Direct cloud connection – in action The answer seems to be yes, judging by the highly suggestive experience of a beta customer of Cloud-IX - a leading City of London based wealth management group.

The organsiation, which has asked for confidentiality as to its identity due to the competitive advantage it says it’s reaping from the system, is building out a hybrid cloud in two TelecityGroup UK data centres that it is convinced will allow it to drive internal efficiencies by delivering essential business applications quickly, reliably and to-scale.

What part does Cloud-IX play in delivering on that vision? The company

in question is deploying the system to port more than 100 of its core business applications, ranging from customer relationship management (CRM), all of its desktop apps and email, over into the Amazon Web Services cloud.

As a result, it’s achieving a whopping 20 times bandwidth compared with its previous architecture, when its IT infrastructure was connected to AWS via the public Web alone.

And as for latency? That has been cut by over 50% - a very impressive step-up in delivery time compared to just using the common or garden Internet, patently. Key to making the solution work is the consistent latency experience (jitter) delivered by Cloud-IX.

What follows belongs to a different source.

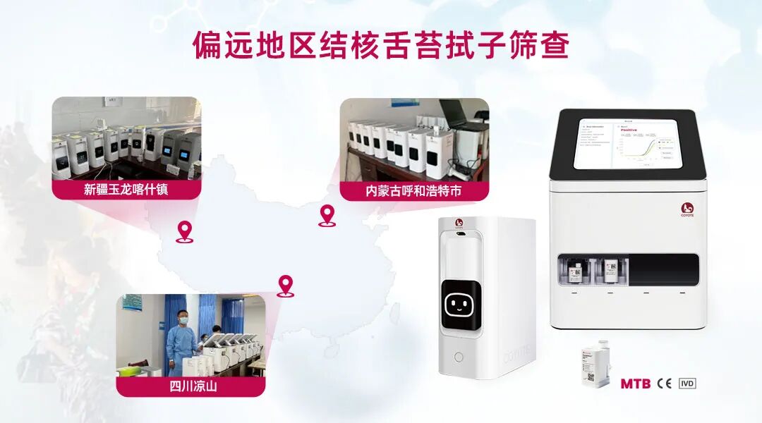 由北京胸科医院与卡尤迪共同研发的舌拭子无创快速结核分枝杆菌分子检测系统,在新疆、内蒙古和四川等地的医院及乡镇卫生院开展公益筛查,使偏远地区也具备了与中心实验室相媲美的分子诊断能力。

The speed of delivery and scalability that this FTSE 250 organisation is getting from the power of a direct connection into AWS, it confirms, means that its business is able to provision IT workloads on demand without ever running over-inflated operational costs.

And it’s an approach that is also increasing the reliability and resilience of its business applications overall, which means its team can work that more efficiency. “Utilising AWS’s Public Cloud with TelecityGroup allows us to achieve the most effective and efficient

connection between our private infrastructure and Amazon’s public cloud,” the company told CBR.

Time to take cloud seriously – at last? Examples like this early Cloud-IX customer’s success spell out one clear message to TelecityGroup’s Hall: it’s time to stop letting vague worries like ‘security’ impair your company’s ability to fully exploit highly-promising options such as hybrid or public cloud.

“I worry that too many CIOs I talk to use the word ‘security’ to mean ‘I don’t want to lose control,’” he states.

“In many ways, companies like Google or Amazon, the kind of people you’d want to work with in the cloud, have more security experts on the payroll than you do anyway.

“The door that Direct Connect has opened and Cloud-IX is opening further now needs to be pushed open – allowing you to plan for which applications are right for being delivered over the cloud so that you can start saving cost, achieve greater flexibility and functionality and let you, as the organisation’s IT leader, focus on the real value-add stuff, not the plumbing.”

Could it be time for latency to stop holding back your cloud ambitions?

It’s definitely starting to seem that way.